» **Exercise**
Only the pictures are to be left out, and the rest of the entries should be reproduced exactly.

» **Material supplied**

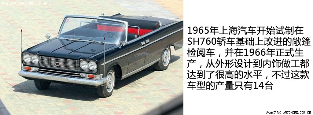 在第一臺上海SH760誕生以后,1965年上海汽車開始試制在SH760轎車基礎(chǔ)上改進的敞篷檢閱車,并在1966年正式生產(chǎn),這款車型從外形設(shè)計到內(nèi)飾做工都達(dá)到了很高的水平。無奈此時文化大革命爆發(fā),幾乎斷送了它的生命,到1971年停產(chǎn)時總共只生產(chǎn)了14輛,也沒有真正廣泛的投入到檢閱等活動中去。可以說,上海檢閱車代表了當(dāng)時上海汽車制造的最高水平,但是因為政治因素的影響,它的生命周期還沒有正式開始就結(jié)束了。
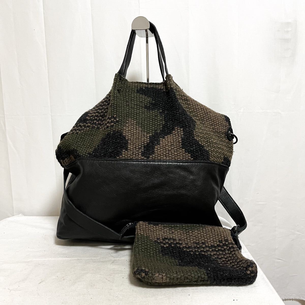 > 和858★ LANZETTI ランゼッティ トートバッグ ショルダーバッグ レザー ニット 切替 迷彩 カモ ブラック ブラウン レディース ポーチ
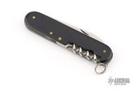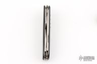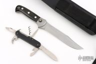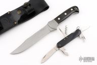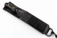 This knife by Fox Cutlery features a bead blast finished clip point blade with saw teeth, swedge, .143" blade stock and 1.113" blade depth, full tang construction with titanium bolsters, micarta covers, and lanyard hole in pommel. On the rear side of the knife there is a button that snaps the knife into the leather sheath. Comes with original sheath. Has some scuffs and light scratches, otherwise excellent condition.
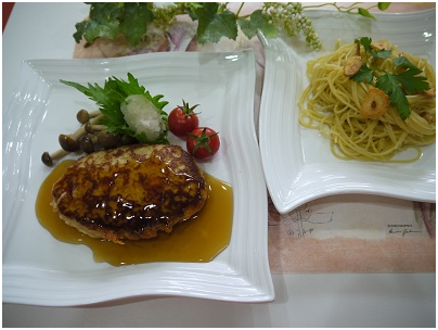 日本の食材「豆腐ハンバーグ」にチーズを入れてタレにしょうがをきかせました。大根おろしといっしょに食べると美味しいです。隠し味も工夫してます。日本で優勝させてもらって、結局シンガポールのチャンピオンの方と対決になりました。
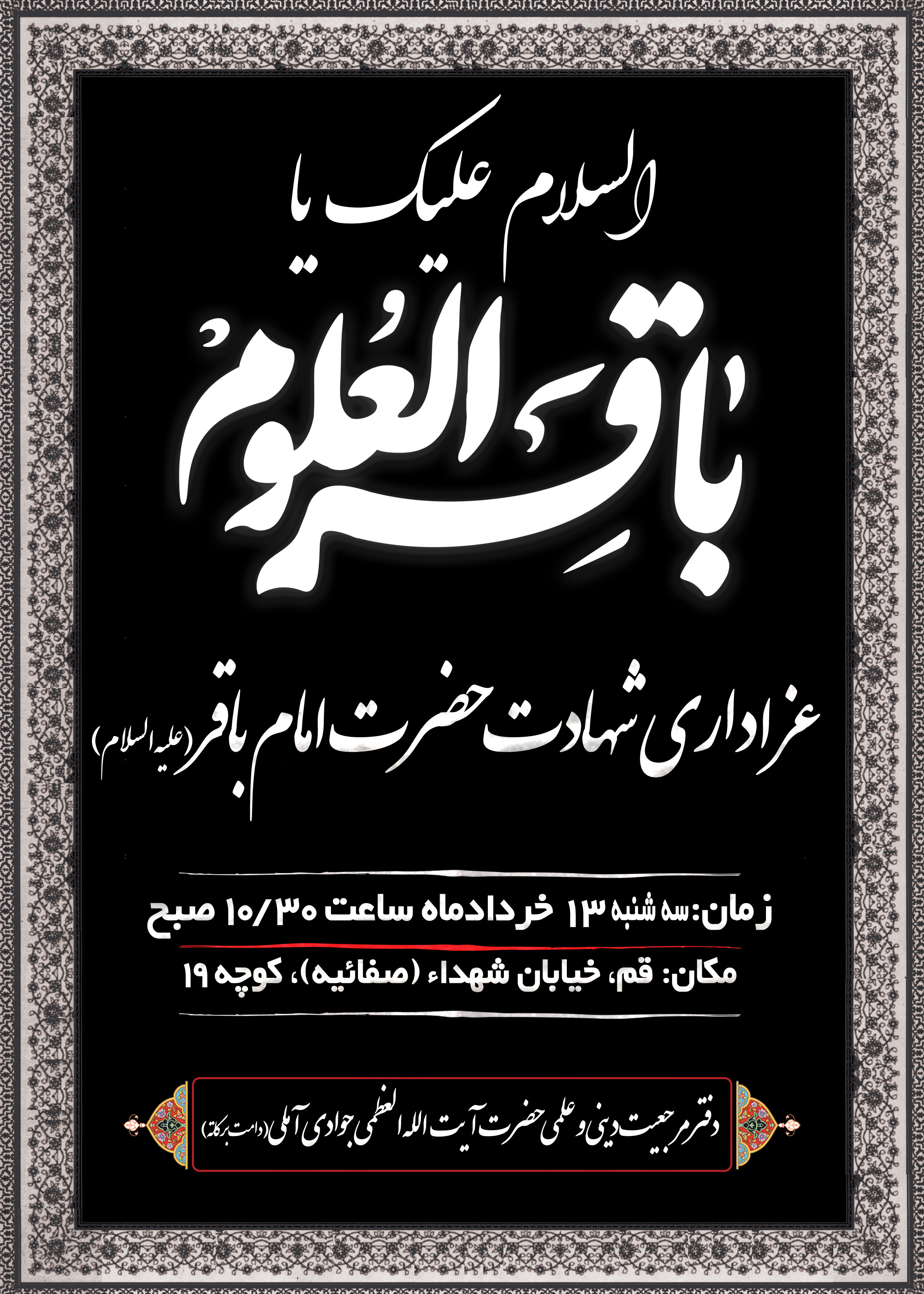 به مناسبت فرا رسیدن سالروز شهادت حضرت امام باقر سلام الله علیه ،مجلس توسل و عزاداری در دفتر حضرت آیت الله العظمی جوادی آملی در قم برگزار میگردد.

» **Task output**
 在第一臺上海SH760誕生以后,1965年上海汽車開始試制在SH760轎車基礎(chǔ)上改進的敞篷檢閱車,并在1966年正式生產(chǎn),這款車型從外形設(shè)計到內(nèi)飾做工都達(dá)到了很高的水平。無奈此時文化大革命爆發(fā),幾乎斷送了它的生命,到1971年停產(chǎn)時總共只生產(chǎn)了14輛,也沒有真正廣泛的投入到檢閱等活動中去。可以說,上海檢閱車代表了當(dāng)時上海汽車制造的最高水平,但是因為政治因素的影響,它的生命周期還沒有正式開始就結(jié)束了。
 > 和858★ LANZETTI ランゼッティ トートバッグ ショルダーバッグ レザー ニット 切替 迷彩 カモ ブラック ブラウン レディース ポーチ
 This knife by Fox Cutlery features a bead blast finished clip point blade with saw teeth, swedge, .143" blade stock and 1.113" blade depth, full tang construction with titanium bolsters, micarta covers, and lanyard hole in pommel. On the rear side of the knife there is a button that snaps the knife into the leather sheath. Comes with original sheath. Has some scuffs and light scratches, otherwise excellent condition.
 日本の食材「豆腐ハンバーグ」にチーズを入れてタレにしょうがをきかせました。大根おろしといっしょに食べると美味しいです。隠し味も工夫してます。日本で優勝させてもらって、結局シンガポールのチャンピオンの方と対決になりました。
 به مناسبت فرا رسیدن سالروز شهادت حضرت امام باقر سلام الله علیه ،مجلس توسل و عزاداری در دفتر حضرت آیت الله العظمی جوادی آملی در قم برگزار میگردد.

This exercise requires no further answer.